Shorts on Sundays: The Repton

Ray Winstone Revisits His Old Boxing Club with Director Alasdair McLellan to Launch Season Two

Ray Winstone reminisces under a wall of heroes and former sparring partners in the first installment of Shorts on Sundays, Season Two. Directed by leading fashion photographer Alasdair McLellan, today’s evocative film stars the rogue veteran of Scum, Nil by Mouth and Sexy Beast, who tells stories about old haunt the Repton Boxing Club to the establishment’s current star, Ryan Pickard, who also wrote the screenplay. “My dad boxed, my grandpa boxed and everyone where I lived in the East End was involved in boxing in some way,” says Winstone, who was awarded the club’s coveted John H. Stracey award after winning all 13 fights in his first senior year at 17, retiring soon after as his acting career kicked off. “You would meet kids from all walks of life,” says the actor of his influential early days. “Repton boys have gone on to become government officials in Africa, and photographers and writers. It gave you the confidence to mix and learn how to behave socially—it was my education.”

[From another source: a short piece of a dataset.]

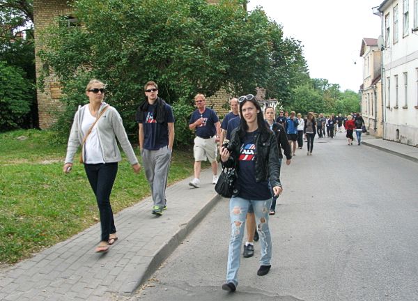 Šodien Tukumā tika sagaidīta Amerikas latviešu delegācija, kuras dalībnieki piedalās sporta sacensībās volejbolā un basketbolā dažādās vietās Latvijā, tostarp arī Pūrē.

Do you ever daydream about a parallel universe where you have achieved accolades in boxing instead of acting?
Ray Winstone:
“No, I did everything I wanted to do in boxing. I was a lucky boy, as I had another choice and found something I could do. I was never good enough or dedicated enough to be a professional. We had three world champions while I was around but the most important thing for me is the boys who come through that club and take something away with them, in the form of a discipline and social behavior.

Do you think that is the legacy of the Repton?
RW:
Yes. I wasn’t deprived but there were plenty of kids who were. There were a lot of people who through boxing aren’t in prison today. They found something else to do and stayed off the streets.

Are you quite surprised it’s survived this long?
RW:
I think it’ll last forever; it would be a travesty if something like the Repton collapses. People would have nowhere to go. I can’t imagine the area without it. The boss Mark Newman is sorting out the club’s own clothes line that will put some money in and hopefully keep it going.